INSTRUCTIONS FOR THE TASK:
From the listing below, reproduce exactly the lines starting with the one with "Sur le plan" and going on through the one with "This stunning stretched", both ends kept. No picture is copied.

DATA SUPPLIED:

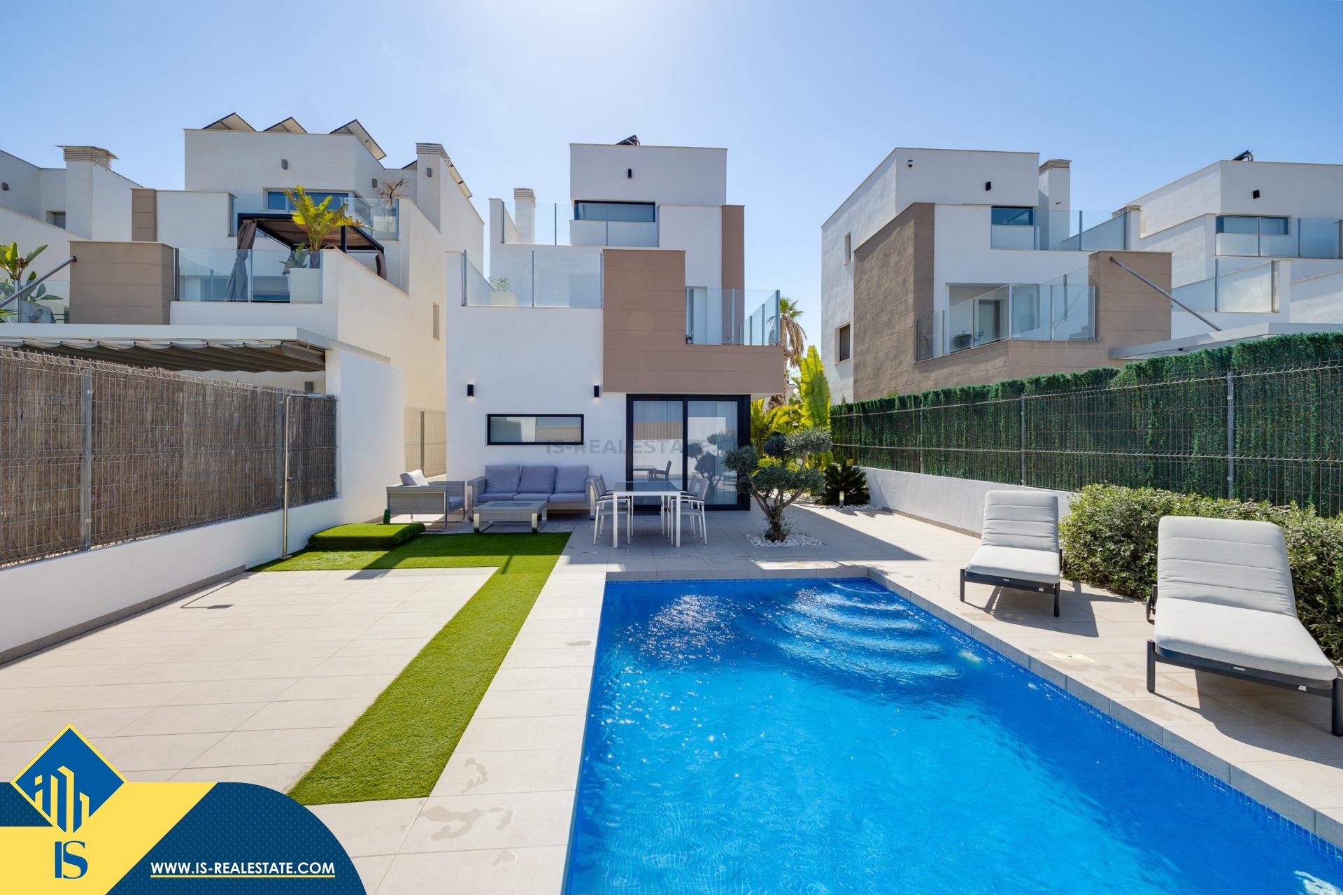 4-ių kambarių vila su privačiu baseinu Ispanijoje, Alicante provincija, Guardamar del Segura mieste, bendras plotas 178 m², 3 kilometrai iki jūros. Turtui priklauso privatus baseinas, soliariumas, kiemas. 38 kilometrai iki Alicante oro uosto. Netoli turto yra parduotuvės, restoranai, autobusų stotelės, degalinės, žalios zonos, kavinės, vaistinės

* * *

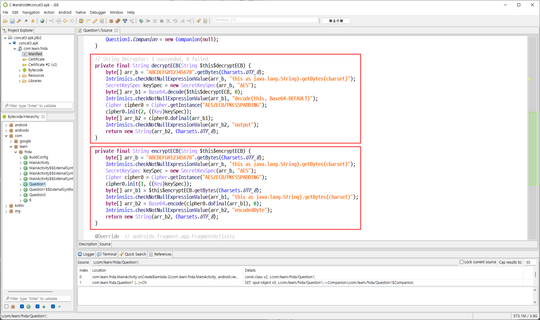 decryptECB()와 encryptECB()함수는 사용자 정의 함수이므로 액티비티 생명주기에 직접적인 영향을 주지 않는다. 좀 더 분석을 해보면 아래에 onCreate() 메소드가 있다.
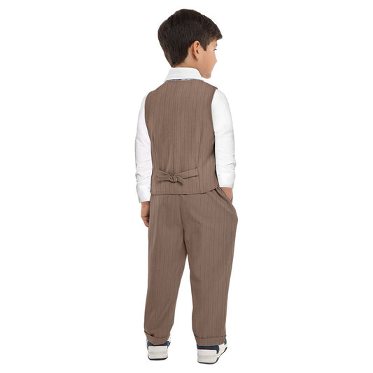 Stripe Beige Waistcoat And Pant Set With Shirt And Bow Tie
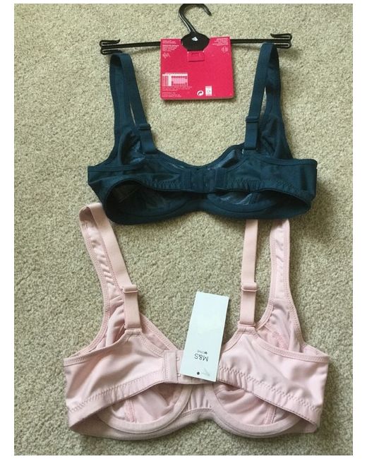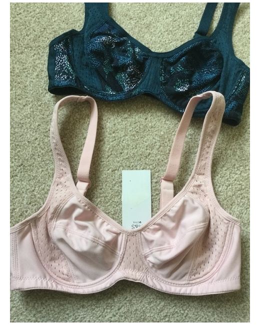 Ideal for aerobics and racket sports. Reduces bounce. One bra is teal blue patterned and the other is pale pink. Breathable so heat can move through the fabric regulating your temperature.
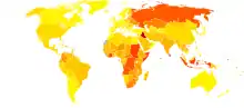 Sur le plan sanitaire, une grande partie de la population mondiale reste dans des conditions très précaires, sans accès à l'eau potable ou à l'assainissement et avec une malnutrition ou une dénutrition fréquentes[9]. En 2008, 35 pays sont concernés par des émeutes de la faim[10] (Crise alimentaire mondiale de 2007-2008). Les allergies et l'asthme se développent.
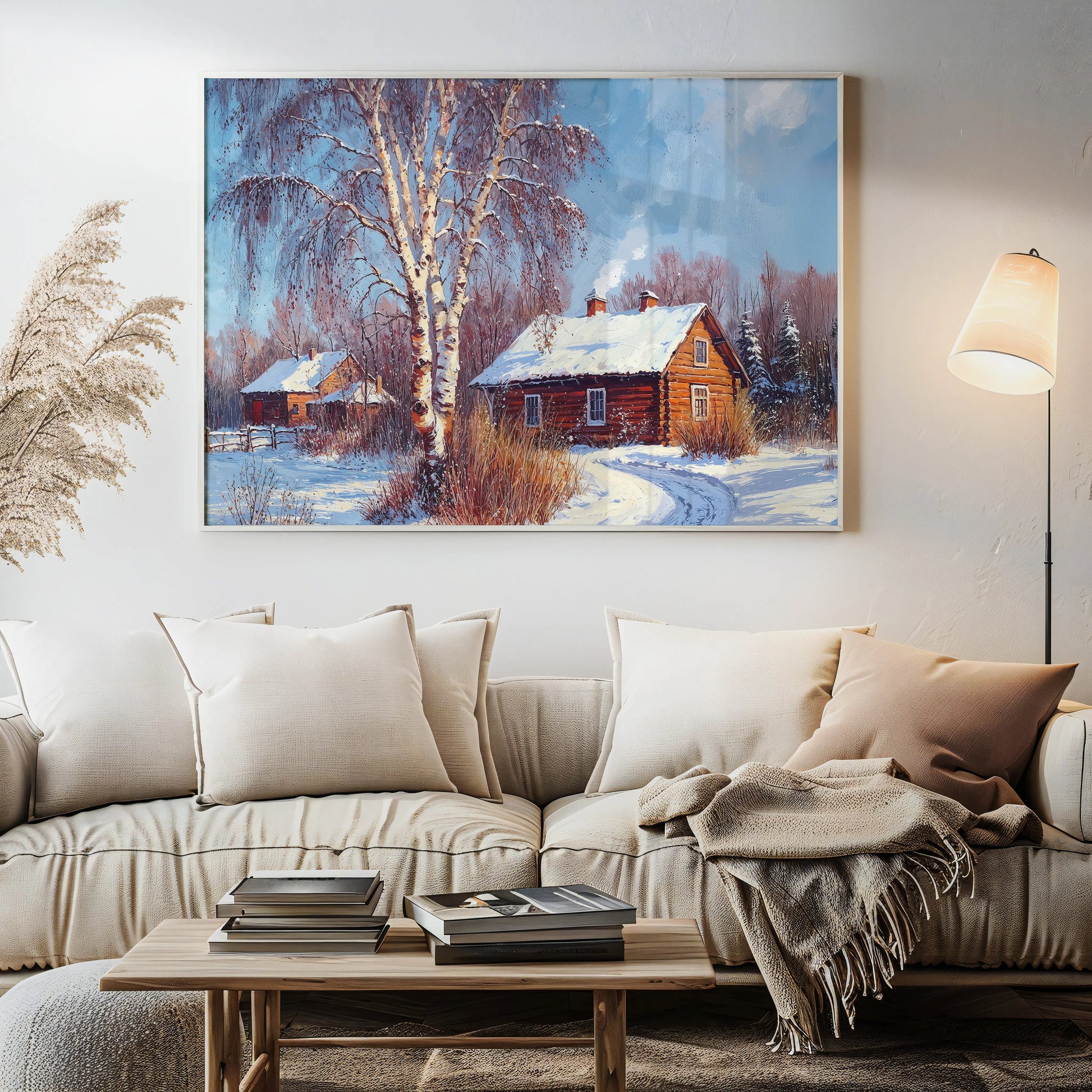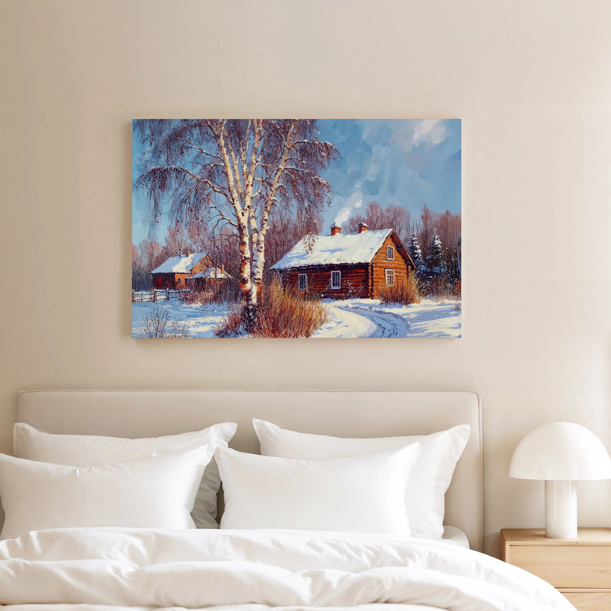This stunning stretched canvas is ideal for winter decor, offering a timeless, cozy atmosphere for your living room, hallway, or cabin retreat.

EXERCISE ANSWER:
 Sur le plan sanitaire, une grande partie de la population mondiale reste dans des conditions très précaires, sans accès à l'eau potable ou à l'assainissement et avec une malnutrition ou une dénutrition fréquentes[9]. En 2008, 35 pays sont concernés par des émeutes de la faim[10] (Crise alimentaire mondiale de 2007-2008). Les allergies et l'asthme se développent.
This stunning stretched canvas is ideal for winter decor, offering a timeless, cozy atmosphere for your living room, hallway, or cabin retreat.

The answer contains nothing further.